» Dataset content:
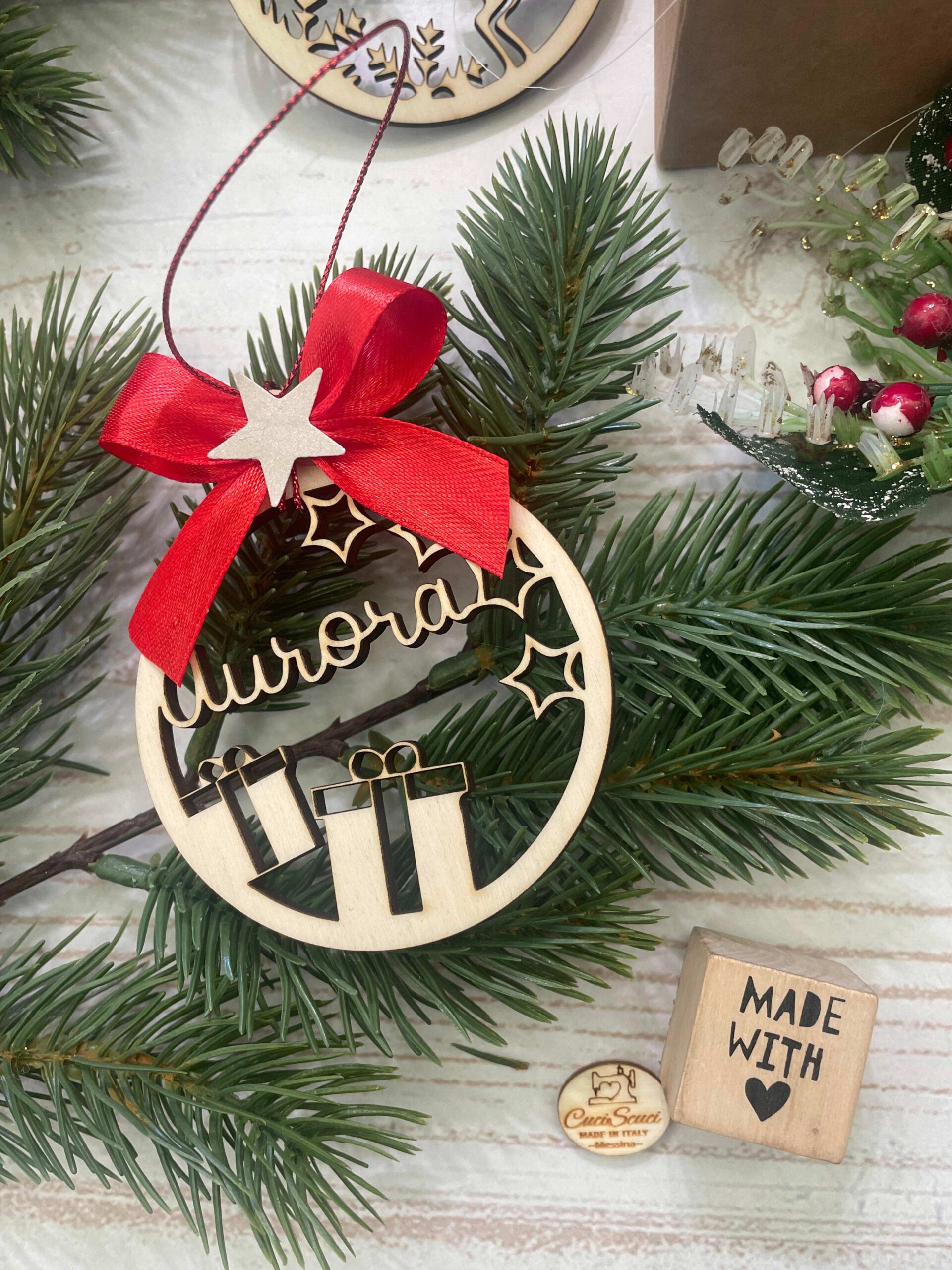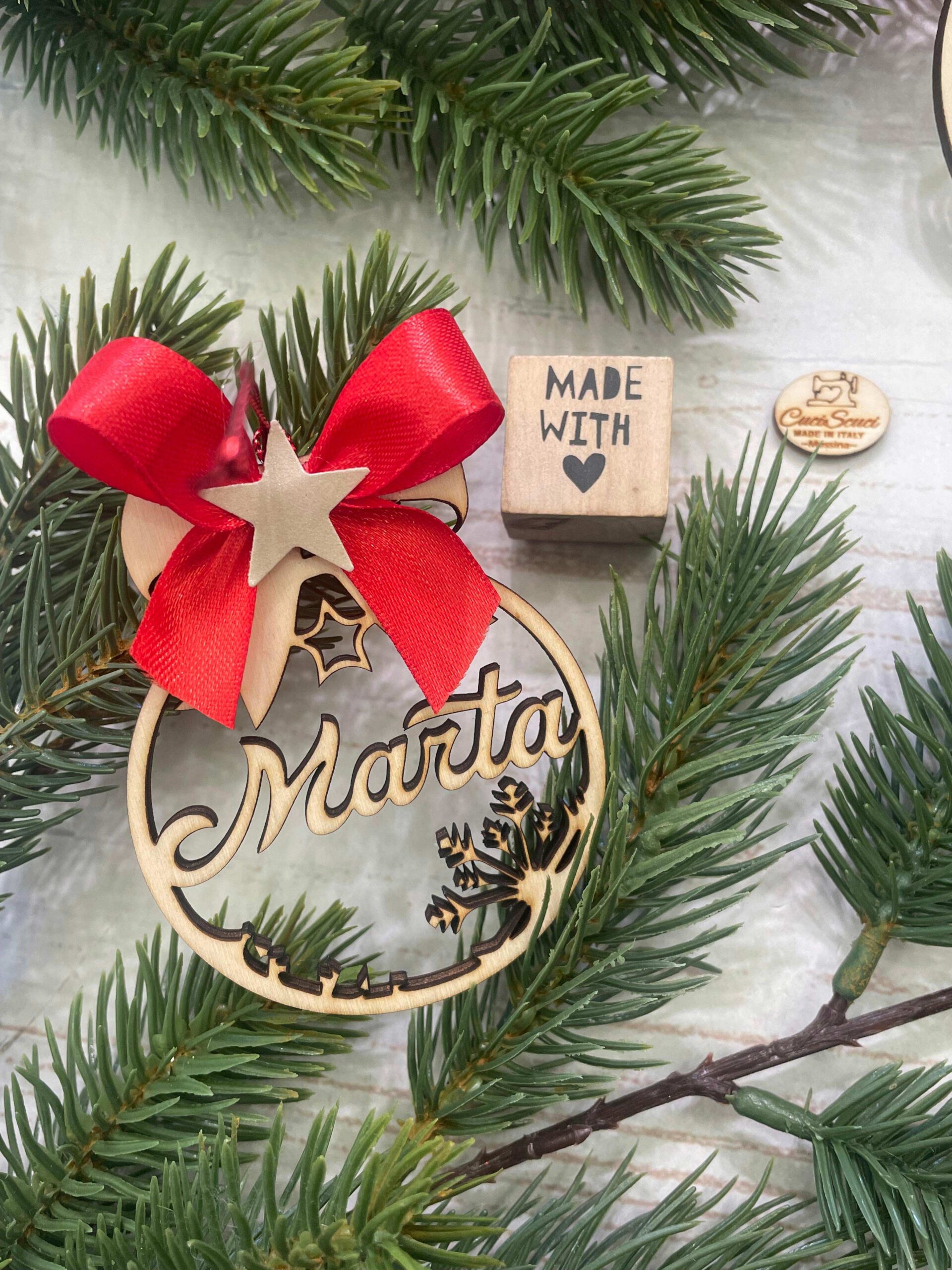 Pallina Natalizia in Legno Incisa e Personalizzata
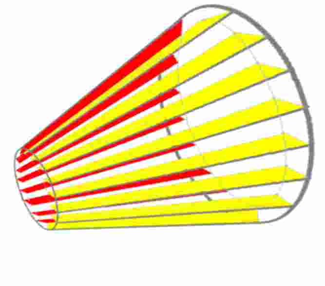 I had drawn the below cone to illustrate how such a thing could look. It should probably have a bit more of a warped shape but it gets the general idea accross.
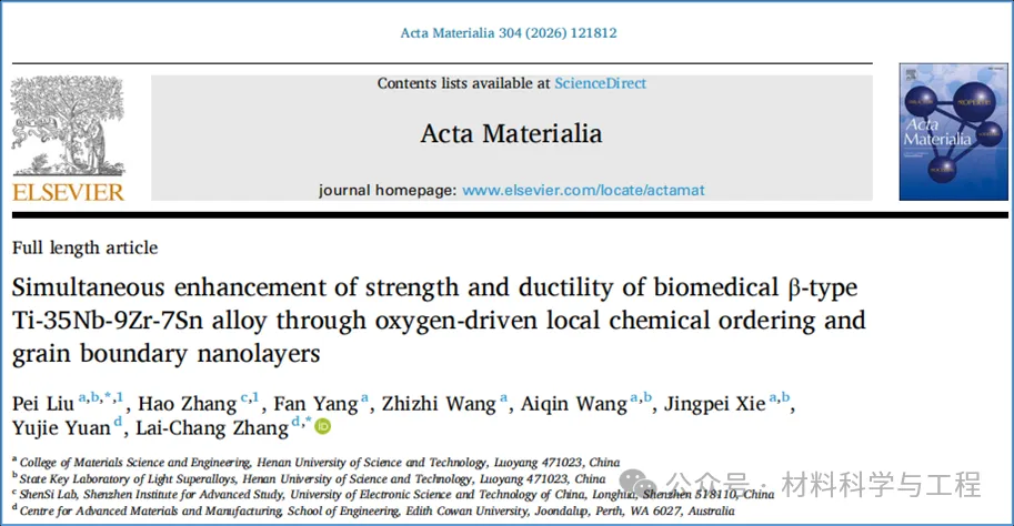 河南科大&电子科大&伊迪斯科文大学《Acta Materialia》:实现β钛合金强塑性同步提升!

» Exercise objective: Repeat the data above word for word, without pictures.

» Task response:
 Pallina Natalizia in Legno Incisa e Personalizzata
 I had drawn the below cone to illustrate how such a thing could look. It should probably have a bit more of a warped shape but it gets the general idea accross.
 河南科大&电子科大&伊迪斯科文大学《Acta Materialia》:实现β钛合金强塑性同步提升!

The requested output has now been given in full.